Tuesday, April 19, 2011
N&B (Nest & Breakfast)
Two years ago, in a different house we had almost the exact same conversation. That particular pair of ducks were named Mildred & ______ (I've forgotten her husband's name already!). We woke up one morning and there they were, swimming in the pool. You think they're just stopping by but they keep showing up day after day, even after meeting the Boston Terrier who won't stop terrorizing them. It was all fun and games until the men came to open the pool for the summer. They found a handful of duck eggs at the bottom as they were cleaning. Poor Mildred had been trying to build a family. I don't know why her eggs kept ending up in the pool but I felt so bad for her it was somewhat heartbreaking.
Last year we went away for the weekend and when we came back there was a brand new robin's nest right next to the door, on top of the porch light. Mum and Dad robin were not happy to see us. Everyone kept telling me to take the nest and get rid of it. I just couldn't do it and we spent the next few months dodging angry parents, watching their cute little babies grow up and sometimes having to leave and enter the house via the side door. That ended in a heart wrenching episode when the last little one to learn how to fly accidentally jumped out of the nest and landed right in my watering can. Thanks goodness there was only a few inches of water in the there but the poor little guy was frozen, shivering and traumatized by the time I discovered him.

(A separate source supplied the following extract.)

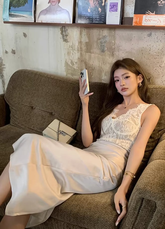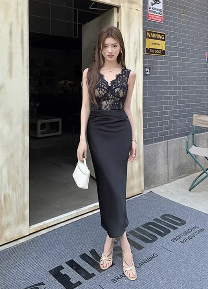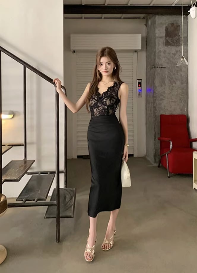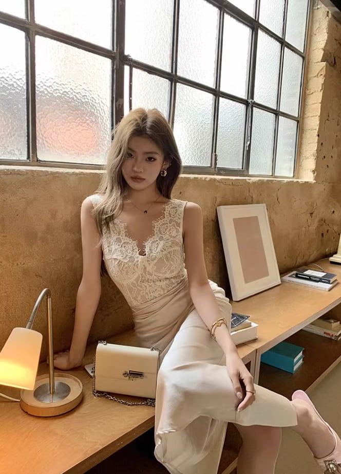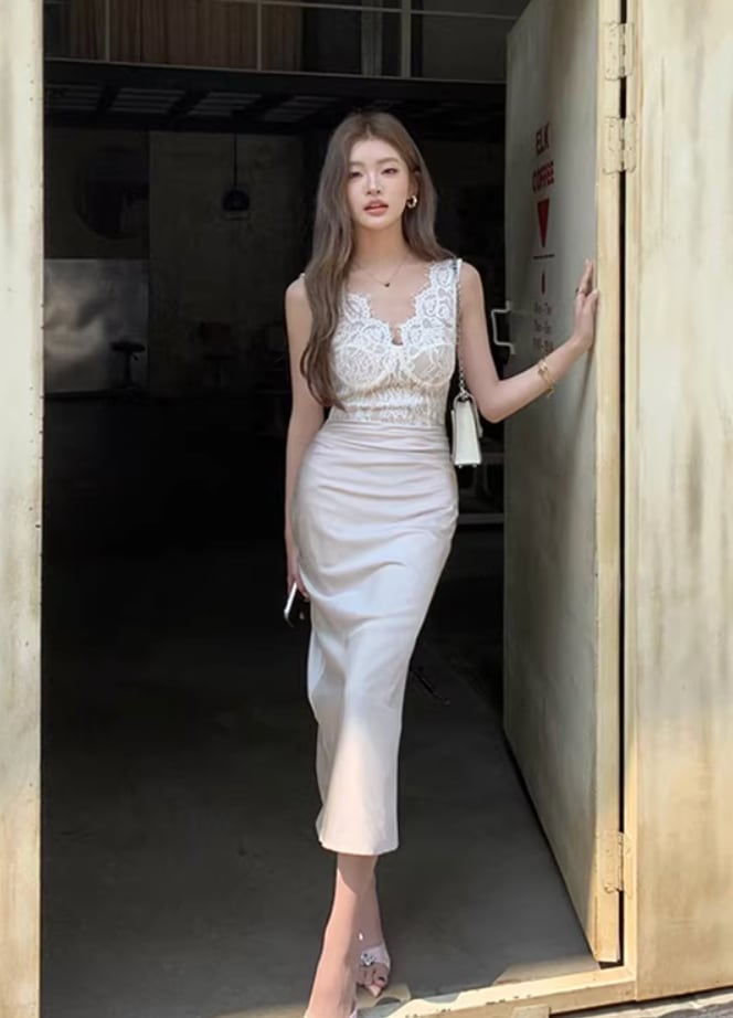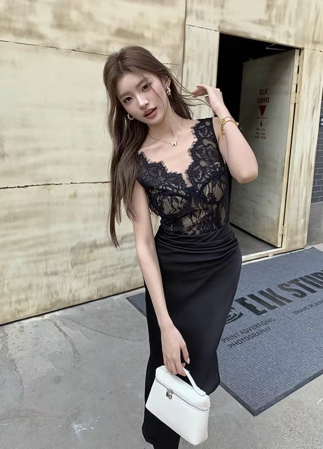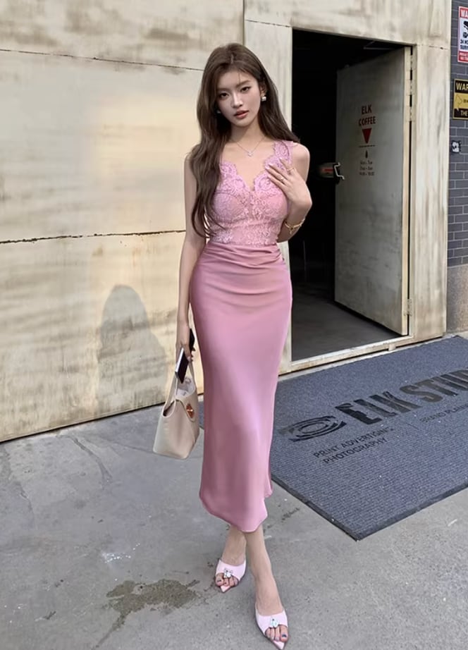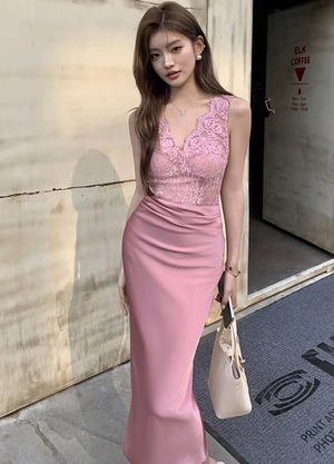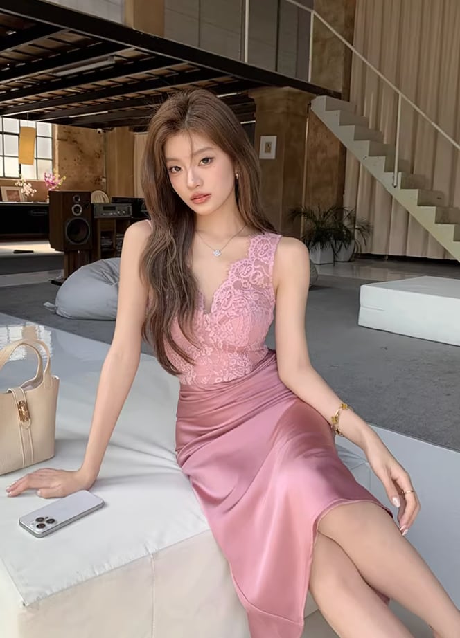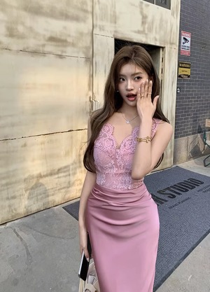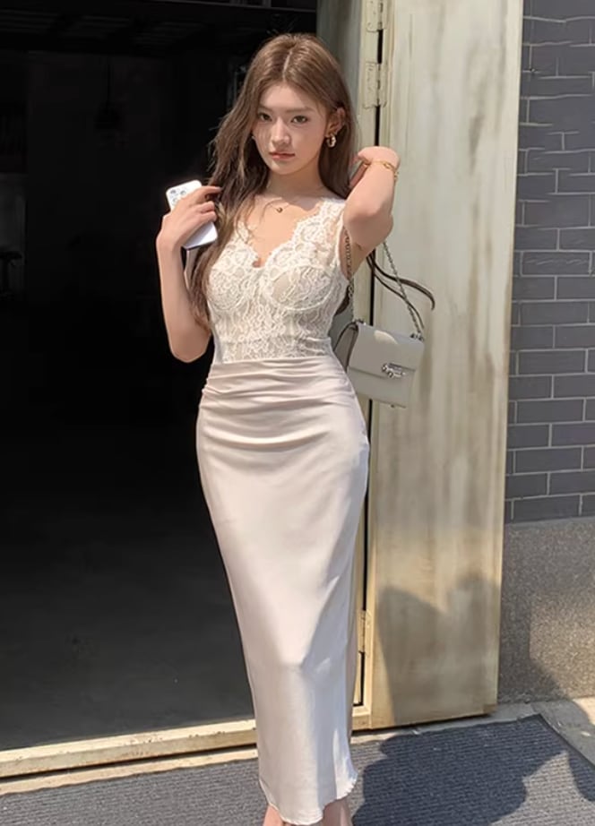 【動画あり】スカラップレース上質サテンドッキングドレス 3種類
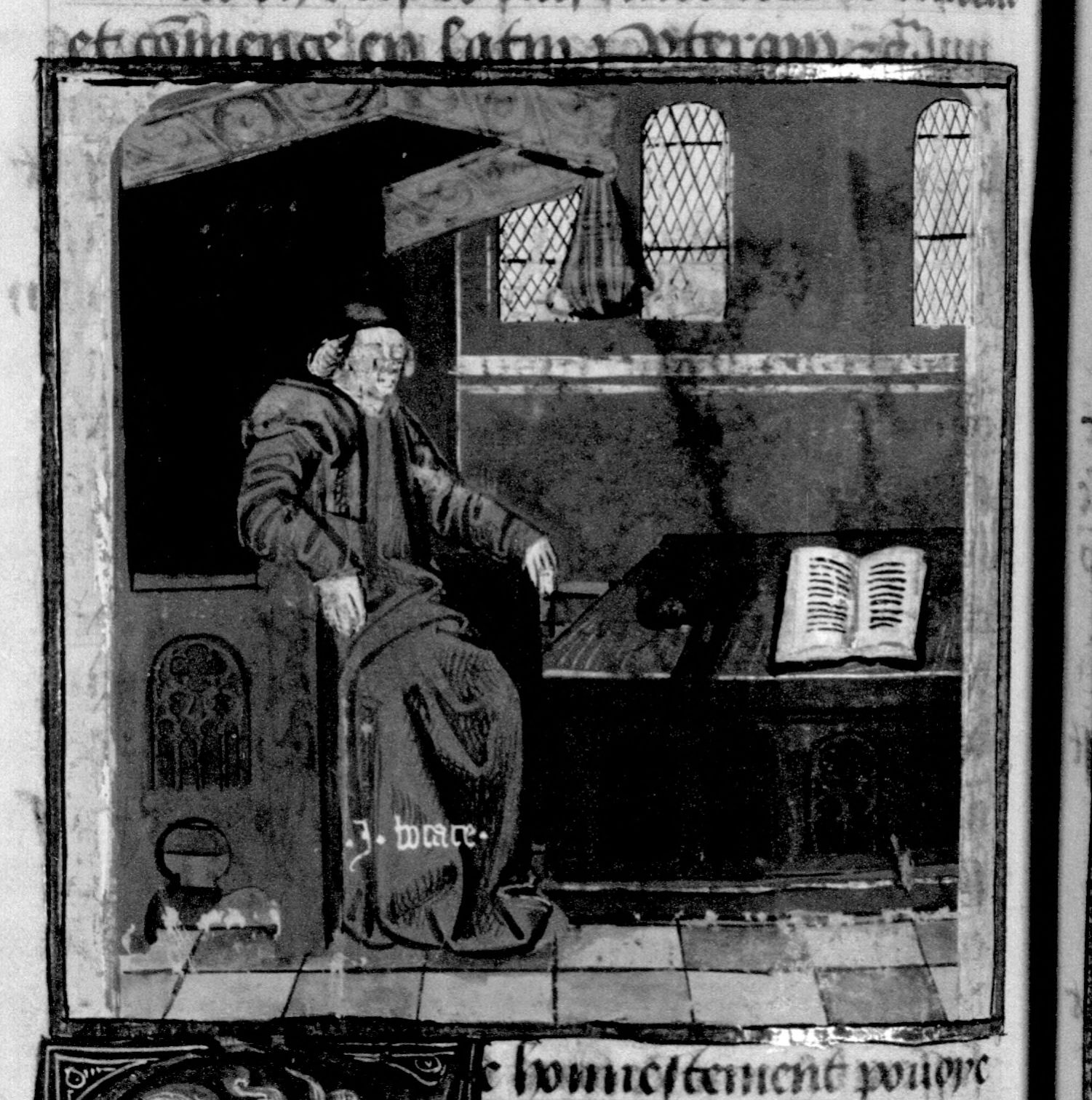 Parigi, Bibliothèque Nationale de France, Fr. 230, f. 175v. Il copista del manoscritto è P. Droulin. Giovanni Boccaccio siede nel suo studio.

The moral of the story is that it's cute to think of fluffy, furry and/or feathered creatures making their home with you but really it will just make you an overprotective surrogate parent and you'll find yourself treating your house and garden like they are a protected wildlife reserve. You don't want to find yourself standing on a stepladder on the front porch putting a fledgling bird back in the nest while scolding it, saying "Now you just stay right there mister until you're sure you can fly. I can't keep coming out here checking on you every five minutes until you're all grown up and besides, don't you know how dangerous it is out there?" I'm sure my neighbors think I'm a little loony.